This discussion has been locked.
You can no longer post new replies to this discussion. If you have a question you can start a new discussion

Dependent texture reads performance

Hi,

Are dependent texture reads still an issue on ARM hardware? (I'm speaking about low-end OpenGL ES 3.0 HW).

Cheers.

  • For Mali there was never any specific issue with dependent texture reads, other than the the usual cost of managing cache misses on the lookup path (which is not dependent-read specific, the same problem can occur for non-dependent reads too). 

    Any GPU cache miss can only be hidden if the shader core has "other work" to do - either non-dependent work from the same thread, or other threads to run. If you have a high number of cache misses then stalls cannot be completely hidden and start to eat into your overall content efficiency because the GPU runs out of work to do.

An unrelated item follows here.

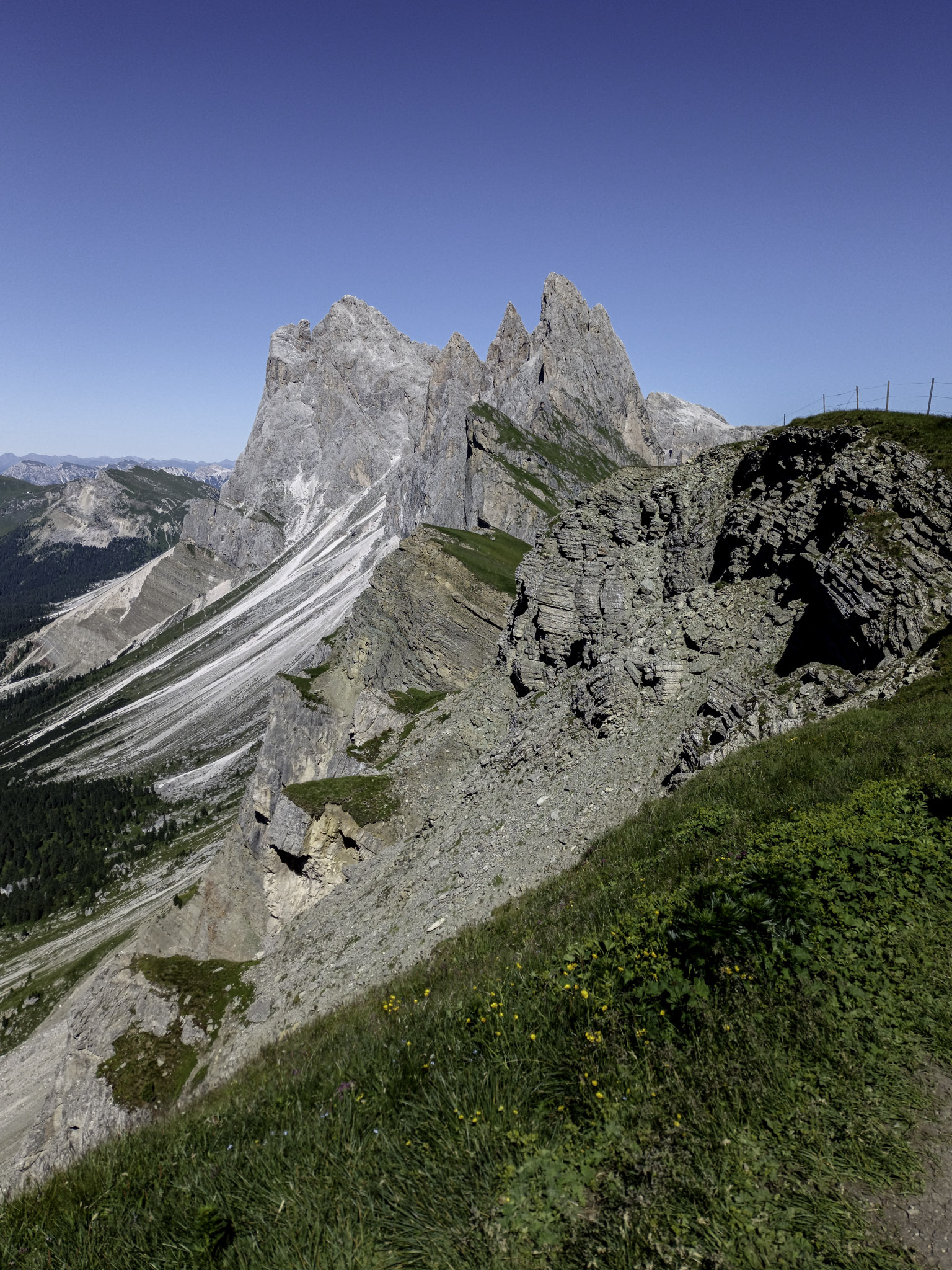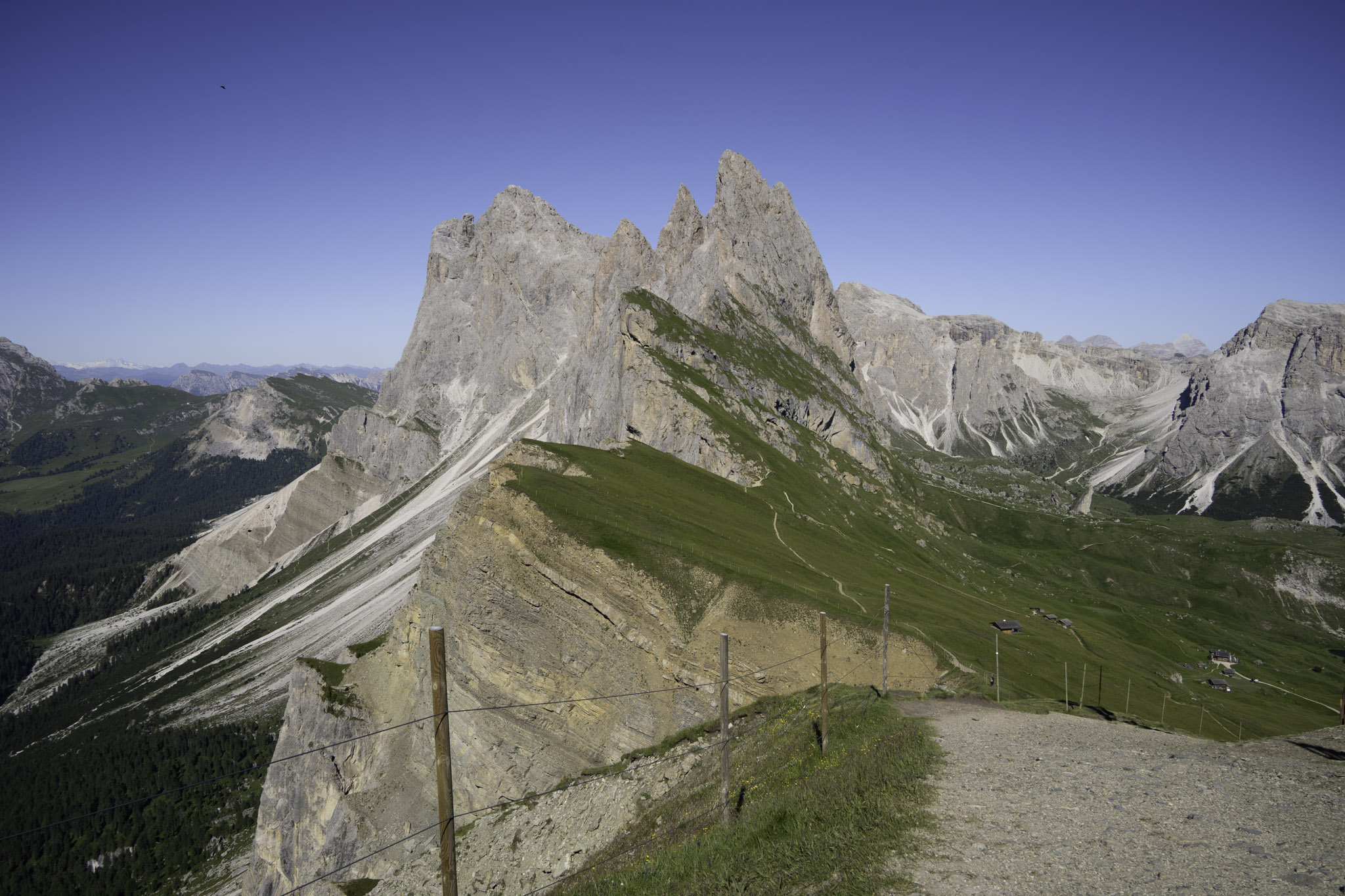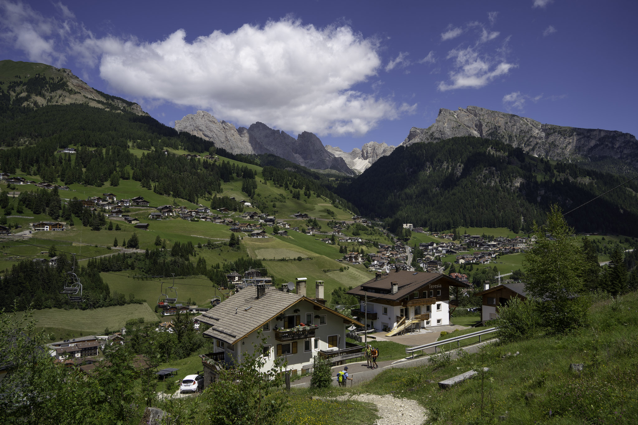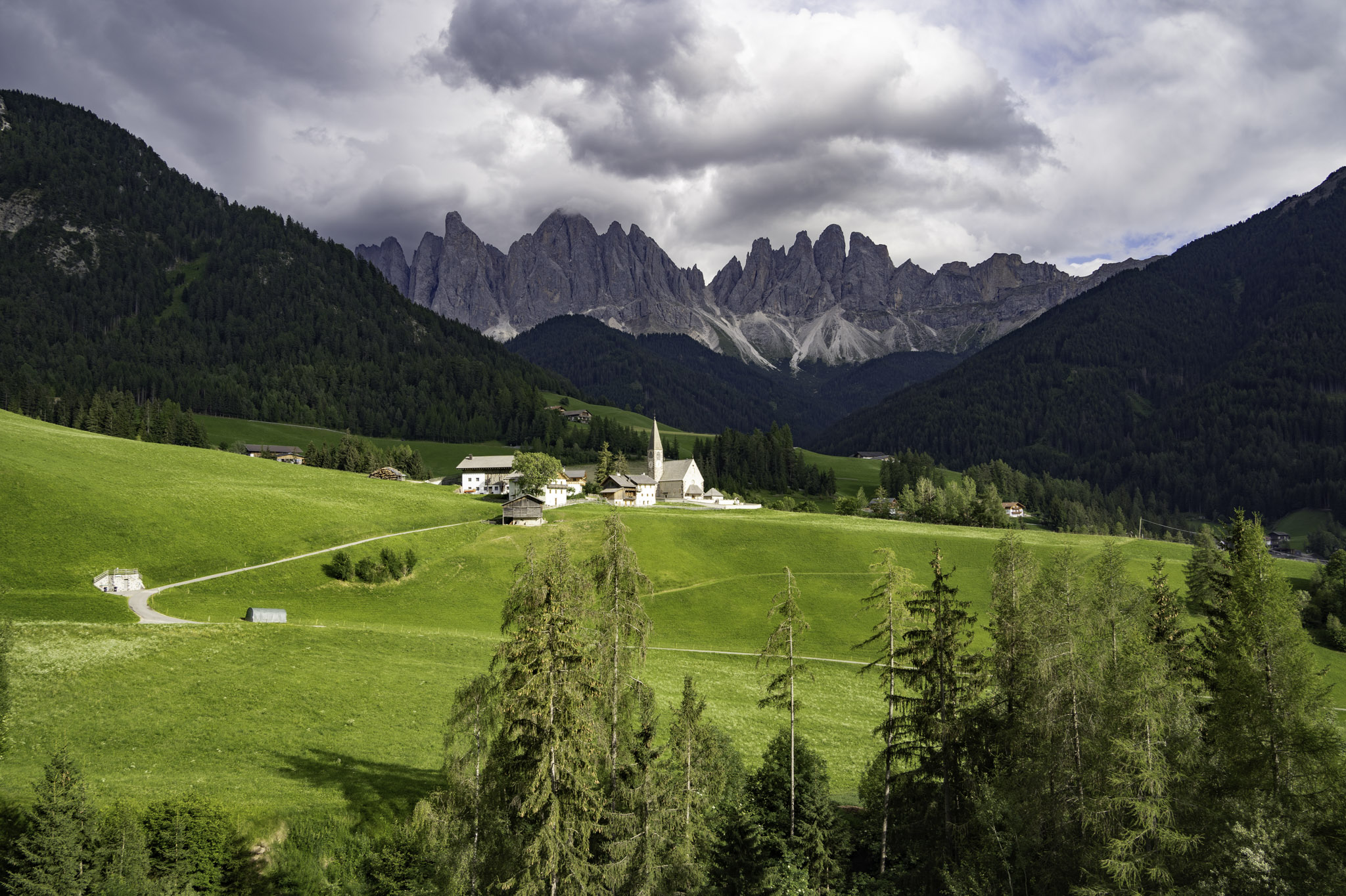 We enjoyed this spot for some time unencumbered by other tourists. A few did come walking by but kept going or went further up the hill. This place is smack dab in the middle of a village where real people are trying to live their lives. The 300-some residents do not like tourists and the roads all have boom gates that require a code. This means parking in town and making the steep trek up the hills to get to the best viewing spot to admire the Odle Mountain group. The residents don’t like people traipsing all over their fields, so we kept to the roads. This place was stunning and worth the effort. I recommend it and I would do it again.

    Entry-level GPUs can be more susceptible to problems here because the L2 cache is smaller so you are more likely to get cache pressure causing eviction, and then subsequent misses that end up needing fetches from DRAM. 

    Things that help:

    • Ensure you maximize thread occupancy by keeping work register count below the point where register allocation will reduce occupancy. For Bifrost onwards this means keeping register count less than or equal to 32 work registers.
    • Use texture compression as much as you can to ensure that you minimize cache misses on the lookup path. For framebuffers, ensure you use the path that gives you AFBC lossless compression (e.g. no use in compute shaders as images).

    ... but the impact here is very content dependent, so if in doubt benchmark your usage on the devices you care about. 

    HTH, 
    Pete

  • Thanks for the quick answer! Just to clarify my question: with dependent texture reads I meant the ability of old OpenGL 2.0 devices to pre-fetch texture data before even running the fragment shader IF the texture coordinates were used unchanged in the fragment shader.

  • Don't think Mali ever did that - with enough threads running you don't need to bother. 

  • Cool thanks! This was a common performance optimization on PowerVR OpenGL 2.0 HS (old iPhones too). So was wondering how that did apply here.